» **What you are asked to do**:
Please repeat exactly the lines below from the line with "Бял сутиен/ бюстие" to the line with "将买回来的腐竹进行简单的加工", including both, and leave out every picture.
Information provided START
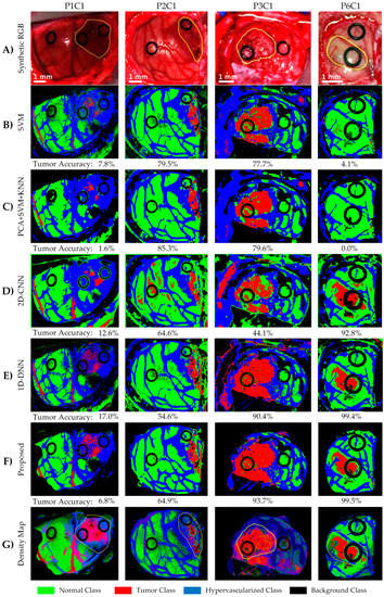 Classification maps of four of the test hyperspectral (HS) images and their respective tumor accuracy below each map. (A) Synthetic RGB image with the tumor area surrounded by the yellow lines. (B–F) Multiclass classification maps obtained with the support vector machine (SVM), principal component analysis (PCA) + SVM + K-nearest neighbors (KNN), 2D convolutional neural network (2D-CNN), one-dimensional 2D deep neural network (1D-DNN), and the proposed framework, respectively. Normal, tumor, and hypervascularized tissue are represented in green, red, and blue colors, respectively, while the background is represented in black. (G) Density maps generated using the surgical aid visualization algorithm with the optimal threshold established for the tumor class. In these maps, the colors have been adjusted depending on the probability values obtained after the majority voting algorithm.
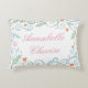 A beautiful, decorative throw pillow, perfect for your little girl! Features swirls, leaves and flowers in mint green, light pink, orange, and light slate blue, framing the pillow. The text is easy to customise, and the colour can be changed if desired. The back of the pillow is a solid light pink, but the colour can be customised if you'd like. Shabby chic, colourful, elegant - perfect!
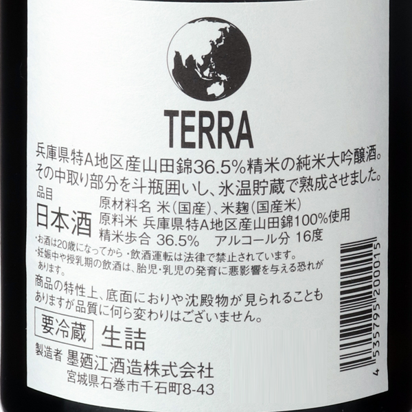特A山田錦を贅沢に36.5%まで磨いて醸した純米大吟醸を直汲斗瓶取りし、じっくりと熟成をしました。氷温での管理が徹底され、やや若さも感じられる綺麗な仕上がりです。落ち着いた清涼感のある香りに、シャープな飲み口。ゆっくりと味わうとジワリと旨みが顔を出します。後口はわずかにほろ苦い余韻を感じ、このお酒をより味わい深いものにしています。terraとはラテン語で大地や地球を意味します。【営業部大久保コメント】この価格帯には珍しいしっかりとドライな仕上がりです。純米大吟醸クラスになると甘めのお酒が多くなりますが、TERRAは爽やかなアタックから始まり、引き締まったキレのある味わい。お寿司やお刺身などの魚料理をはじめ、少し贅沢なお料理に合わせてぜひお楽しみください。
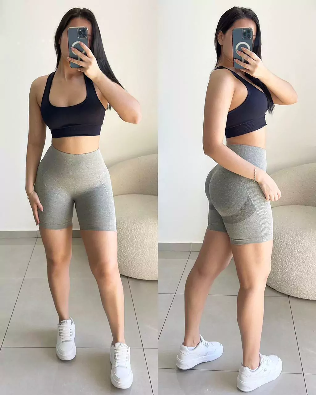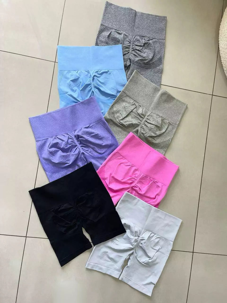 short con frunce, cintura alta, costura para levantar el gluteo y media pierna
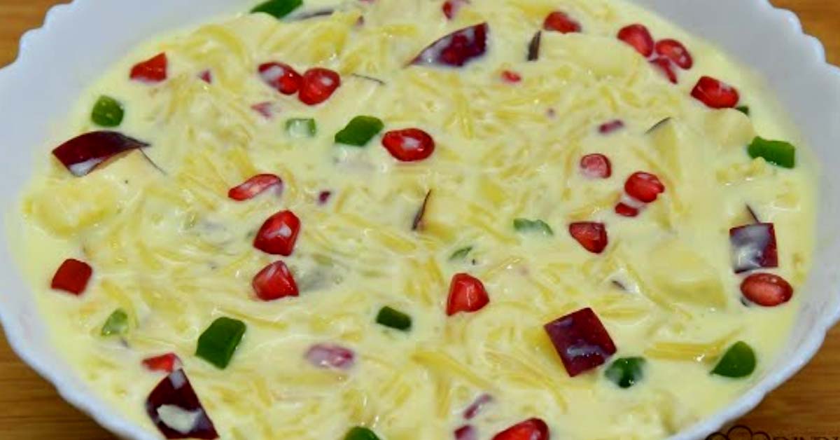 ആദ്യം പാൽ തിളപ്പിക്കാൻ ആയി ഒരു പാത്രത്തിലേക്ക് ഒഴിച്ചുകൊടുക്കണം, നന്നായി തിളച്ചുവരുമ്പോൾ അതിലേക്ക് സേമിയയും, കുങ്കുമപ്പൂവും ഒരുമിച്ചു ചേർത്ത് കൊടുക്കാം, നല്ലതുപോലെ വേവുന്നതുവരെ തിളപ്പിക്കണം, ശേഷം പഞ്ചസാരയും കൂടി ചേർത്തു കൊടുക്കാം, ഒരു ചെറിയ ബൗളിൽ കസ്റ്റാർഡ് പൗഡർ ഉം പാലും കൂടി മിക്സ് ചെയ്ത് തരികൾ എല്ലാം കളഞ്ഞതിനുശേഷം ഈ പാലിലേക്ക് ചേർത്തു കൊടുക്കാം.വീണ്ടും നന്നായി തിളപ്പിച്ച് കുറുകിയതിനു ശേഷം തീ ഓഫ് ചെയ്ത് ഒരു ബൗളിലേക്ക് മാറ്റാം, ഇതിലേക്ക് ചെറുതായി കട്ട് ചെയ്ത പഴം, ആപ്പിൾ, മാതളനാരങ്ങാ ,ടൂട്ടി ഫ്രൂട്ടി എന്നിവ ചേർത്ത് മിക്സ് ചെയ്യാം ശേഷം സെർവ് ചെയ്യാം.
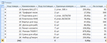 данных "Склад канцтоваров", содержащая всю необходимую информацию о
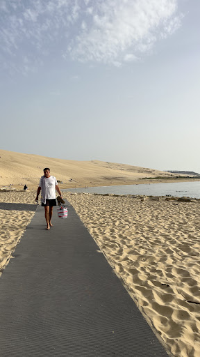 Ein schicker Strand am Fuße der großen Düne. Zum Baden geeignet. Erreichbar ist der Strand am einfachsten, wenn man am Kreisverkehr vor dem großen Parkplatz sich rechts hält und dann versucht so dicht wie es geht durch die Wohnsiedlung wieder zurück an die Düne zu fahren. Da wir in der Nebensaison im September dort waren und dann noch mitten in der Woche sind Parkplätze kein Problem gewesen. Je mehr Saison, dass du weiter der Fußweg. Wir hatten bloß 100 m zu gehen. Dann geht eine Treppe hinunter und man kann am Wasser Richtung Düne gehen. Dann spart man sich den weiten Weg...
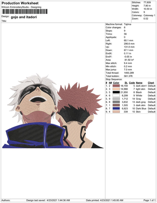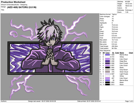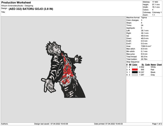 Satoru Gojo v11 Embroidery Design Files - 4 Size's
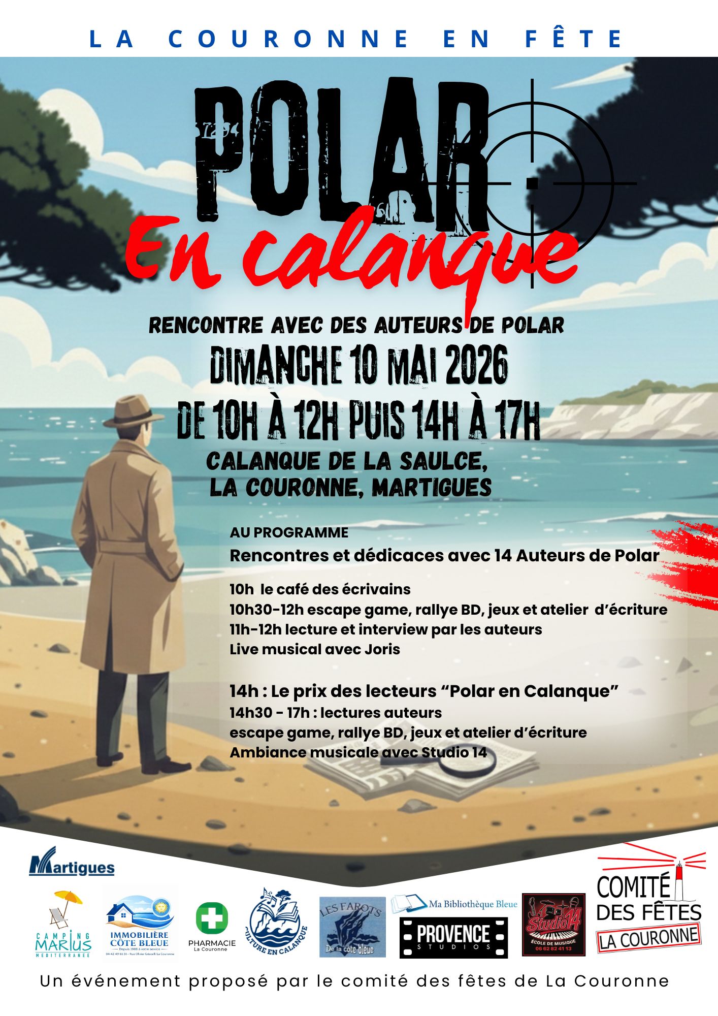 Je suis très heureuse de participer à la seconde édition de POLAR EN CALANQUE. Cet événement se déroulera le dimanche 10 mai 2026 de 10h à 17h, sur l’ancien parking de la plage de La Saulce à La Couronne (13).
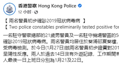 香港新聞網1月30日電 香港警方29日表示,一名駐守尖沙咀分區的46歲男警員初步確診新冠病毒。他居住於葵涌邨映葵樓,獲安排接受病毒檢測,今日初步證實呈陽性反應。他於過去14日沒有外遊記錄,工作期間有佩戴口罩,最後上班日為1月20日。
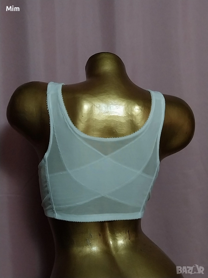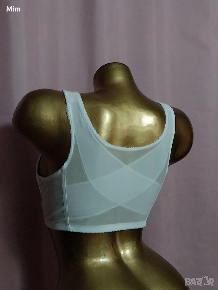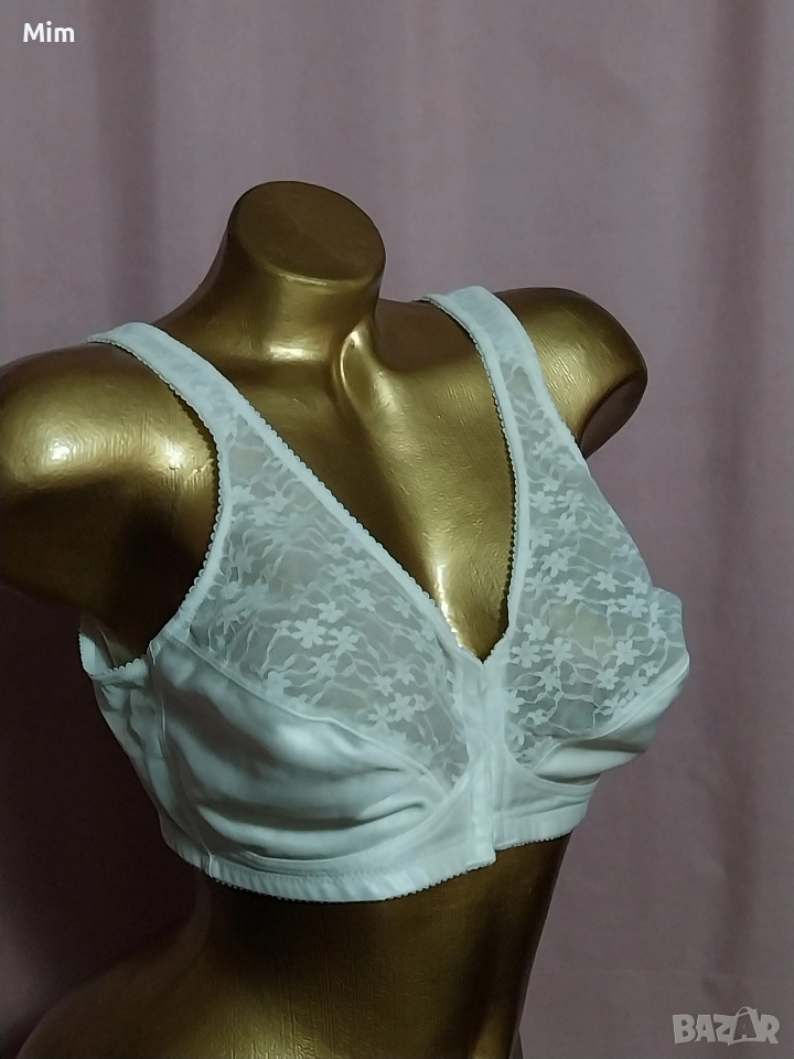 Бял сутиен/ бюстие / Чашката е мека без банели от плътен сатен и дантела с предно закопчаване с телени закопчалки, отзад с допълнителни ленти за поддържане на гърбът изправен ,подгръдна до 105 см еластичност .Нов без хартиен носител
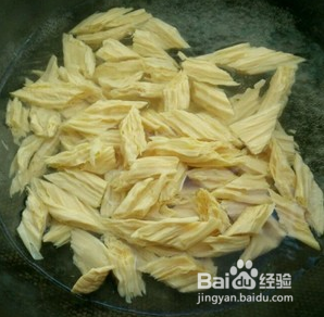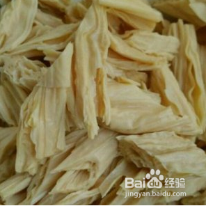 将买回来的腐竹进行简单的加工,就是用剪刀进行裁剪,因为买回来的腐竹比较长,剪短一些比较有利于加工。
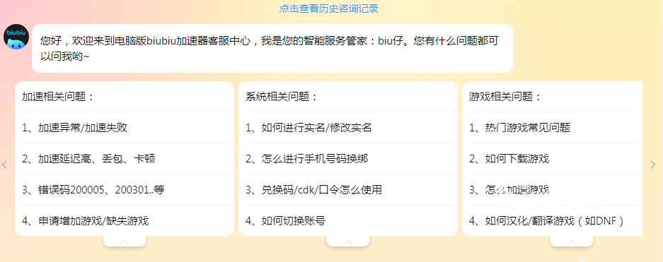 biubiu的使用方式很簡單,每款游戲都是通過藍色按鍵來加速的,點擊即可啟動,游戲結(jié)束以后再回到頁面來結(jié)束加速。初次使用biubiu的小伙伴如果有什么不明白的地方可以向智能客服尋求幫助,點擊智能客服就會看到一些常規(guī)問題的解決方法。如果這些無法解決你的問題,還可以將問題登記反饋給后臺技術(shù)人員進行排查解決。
Information provided END
» **Output below**:
 Бял сутиен/ бюстие / Чашката е мека без банели от плътен сатен и дантела с предно закопчаване с телени закопчалки, отзад с допълнителни ленти за поддържане на гърбът изправен ,подгръдна до 105 см еластичност .Нов без хартиен носител
 将买回来的腐竹进行简单的加工,就是用剪刀进行裁剪,因为买回来的腐竹比较长,剪短一些比较有利于加工。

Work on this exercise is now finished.